Здесь крикливой группой стояли и сидели на гранитном парапете, бросив под ноги дорожные сумки, какие-то иностранные туристы в шортах. Рядом с ними так же шумно фотографировались молодожены в беспечном окружении высыпавших из машин друзей, жених и невеста смеялись и разом застывали с вечной и тщеславной надеждой сохранить на мертвом глянце исчезающую минуту. Невеста поспешно оправляла складки на полной талии, глядя на кончики туфелек, едва видных из-под белого платья, вскидывала по команде фотографа простенькое, испорченное принужденным смехом лицо, просовывала руку под локоть жениха, смуглого парня с щегольскими усиками. И Крымов подумал, как далеки эти молодожены, ждущие чуда воплощения собственной красоты на фотографии, и эти туристы, по купленной программе ищущие в чужой стране визуальных удовольствий, – как далеки они от всего того, о чем спорил он с Гричмаром и что не имело ни малейшего значения для других, для большинства бесхитростно работающих в поте лица своего людей, живущих просто, без всяких там лишних мыслей и мук, живущих, может быть, счастливо, подобно здоровому растению под небом.
«В самом деле, можно ведь спокойно жить, не задаваясь никакими вопросами, заботясь только о хлебе насущном.

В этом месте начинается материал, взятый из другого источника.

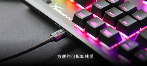 此外,出于对经常需要外出竞技的考虑,如何更便携始终是一个头疼的问题。以往键盘的数据线是固定在键盘上,如果需要携带,只能把数据线在键盘上缠绕多圈,非常不方便。这款起源RGB游戏机械键盘将数据线设计为可插拔的数据线,需要外出携带的时候,直接拔下数据线即可。并且数据线还采用编织线材质,不仅耐用,更耐拉扯,避免意外拉拽对数据线造成损伤。
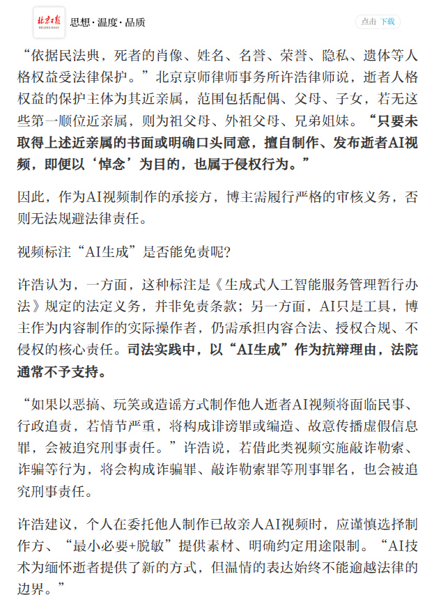 近日,短视频平台上一则“这些视频由爱生成”的话题登上热搜,引发社会广泛关注。起因是有博主借助最新AI视频技术,逼真重现网友逝去亲人的音容笑貌,视频下方标注的“内容由AI生成”被网友深情解读为“内容由爱生成”,点赞量超过26万。针对这一现象背后的法律风险与伦理边界,京师律师许浩在《北京日报》采访中,从法律专业角度作出解读。
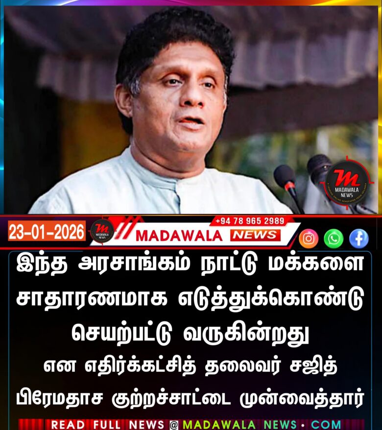 இந்த அரசாங்கம் நாட்டு மக்களை சாதாரணமாக எடுத்துக்கொண்டு செயற்பட்டு வருகின்றது என்று எதிர்க்கட்சித் தலைவர் சஜித் பிரேமதாச தெரிவித்தார்.
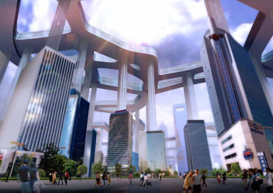 ‘shanghai 2035’ positioned over the city’s skyscrapers
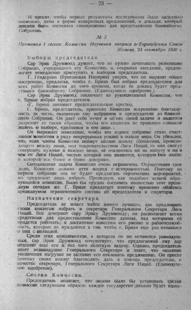 Протокол 1 сессии Комиссии Изучения вопроса о Европейском Союзе. Женева, 23 сентября 1930 г.
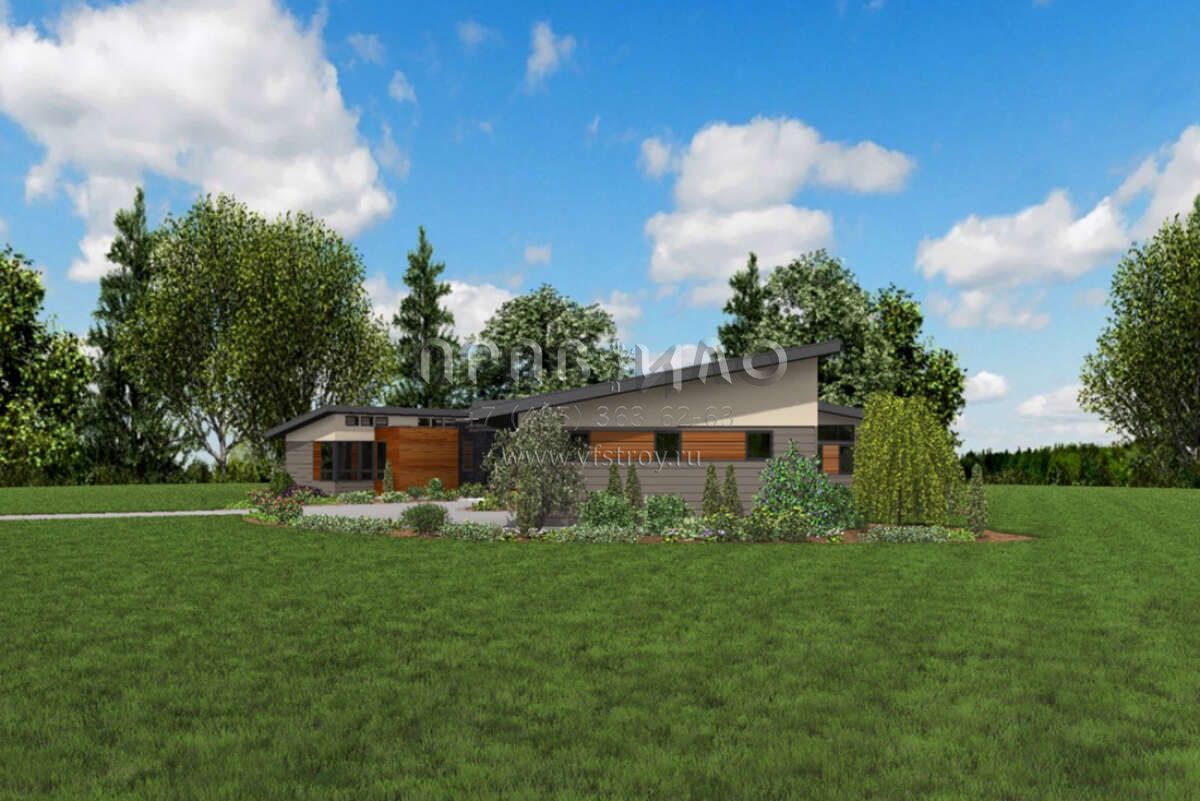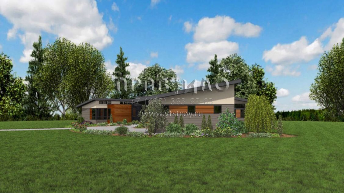 Большая площадь участка позволяет выбрать одноэтажный проект дома, особенно если в семье есть пожилые люди, инвалиды или маленькие дети.
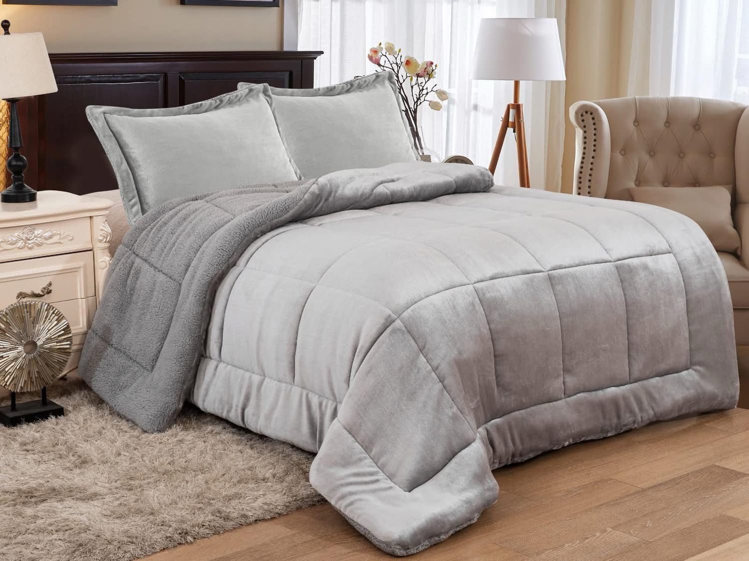 Edredão Cinza com Almofadas (Conjunto)
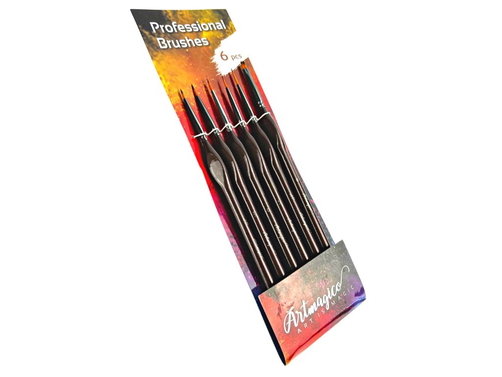 Set of 6 professional-quality synthetic fiber brushes for the most detailed painting with an ergonomically shaped handle for a comfortable grip.
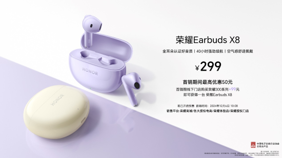 新款耳機榮耀Earbuds X8也在本次發布會上首次和大家見面,擁有金耳朵認證好音質,40小時強勁續航,空氣感舒適佩戴。 另有榮耀親選LCHSE耳夾式耳機全新發布,鈦合金拱橋設計,開放佩戴通透輕盈,以及榮耀親選耳機TiinLab S7、榮耀親選小湃室外攝像頭i等新品現已開售。
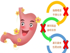 适量补充叶酸、维生素C,戒烟戒酒、避免辛辣刺激生冷油腻食物,少浓茶咖啡、少油炸腌制食物、隔夜食物、避免暴饮暴食、避免服用伤胃药物。
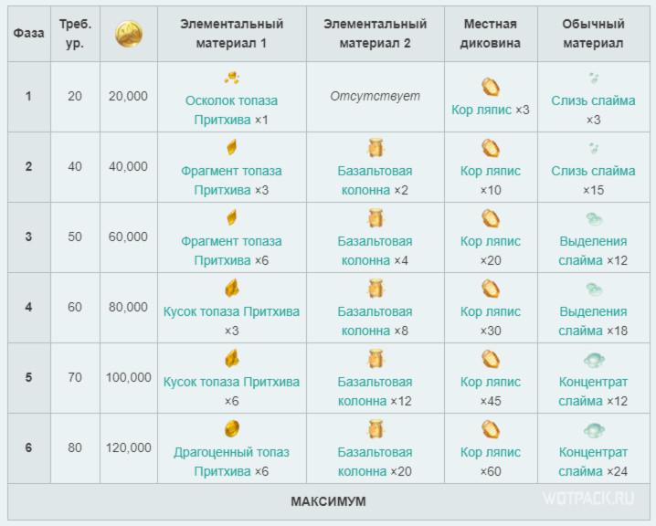 - Осколки, фрагменты, куски и драгоценные камни топаза Притхива – добывается из Гео гипостазиса, Золотого волчьего вожака, Змея руин, Бесконечного механического массива и Древнего геовишапа. Также можно выбить из еженедельных боссов Волчий лорд и Аждаха.

Так, как живут сотни миллионов людей», – стал внушать себе Крымов и, досадуя на себя, сказал Гричмару, с любопытством косившемуся на молодоженов:
– Когда я вернулся из Америки, мне без конца задавали вопрос: что больше всего понравилось там? Я мычал, соображая, что же действительно. А дошлые ребята журналисты сами подсказывали: народ, мол, как отвечают поголовно все, вернувшиеся из поездок. Нет, Джон, народа американского я не почувствовал, хотя пытался говорить чуть ли не с каждым встречным, не почувствовал, кроме одной его черты – наивности…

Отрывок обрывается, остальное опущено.